Skeletonization of semicircular canals The dome of the lateral semicircular canal is visualized when the mastoid antrum is opened in the early part of the dissection. The posterior semicircular canal lies posterior and perpendicular to the lateral canal. The ampullary end of the posterior canal is just 1 to 2 mm from the vertical segment of the facial canal. Care is taken to prevent damage to the facial nerve while removing the perilabyrinthine air cells in this area. The ampullary end of the superior semicircular canal is identified medial to the body of incus, where it is adjacent to the ampulla of lateral semicircular canal. Non-ampullary ends of the superior and posterior canals join to from the crus commune, which is identified by drilling the air cells/bone between the canals and sino-dural angle (Trautman's triangle)

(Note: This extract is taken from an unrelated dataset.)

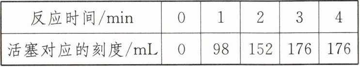 |活塞对应的刻度/mL|0|98|152|176|176|

Facial nerve decompression At this stage the facial canal is visualized again in the vertical segment (in the mastoid) and horizontal segment (through the posterior tympanotomy). The vertical segment of facial nerve is decompressed with the biggest possible diamond burr. Direction of the drill should be parallel to the nerve with profuse irrigation. The facial canal bone is thinned till the blood vessels of the nerve can be visualized through it. The bone over the anterior aspect of the second genu is thinned keeping the direction of the burr parallel to the nerve. This prevents damage to the lateral semicircular canal. Care is taken not to touch the ossicles while drilling. Using a small diamond burr the lateral and inferior bone of the horizontal segment of the facial canal is thinned. The dissection is continued anteriorly towards the Geniculate ganglion (First Genu), which lies above and anterior (1-2mm) to the processus cochleariformis. With the help of blunt dissector, the thin bone over the dissected length of the facial nerve is removed.

Canal wall down mastoidectomy With the help of a rongeur or drill the posterior canal wall is removed. The anterior buttress is removed to make the anterior attic and anterior canal wall continuous and smooth. Inferiorly the floor of the external canal is flushed along with the cavity. If necessary the mastoid tip is excised. End points Well saucerized cavity (bevelled edges) Round in appearance The posterior canal wall is lowered to the level of the facial canal. The floor of the external canal and the mastoid cavity should be at the same level. No obvious air cells left in the mastoid cavity.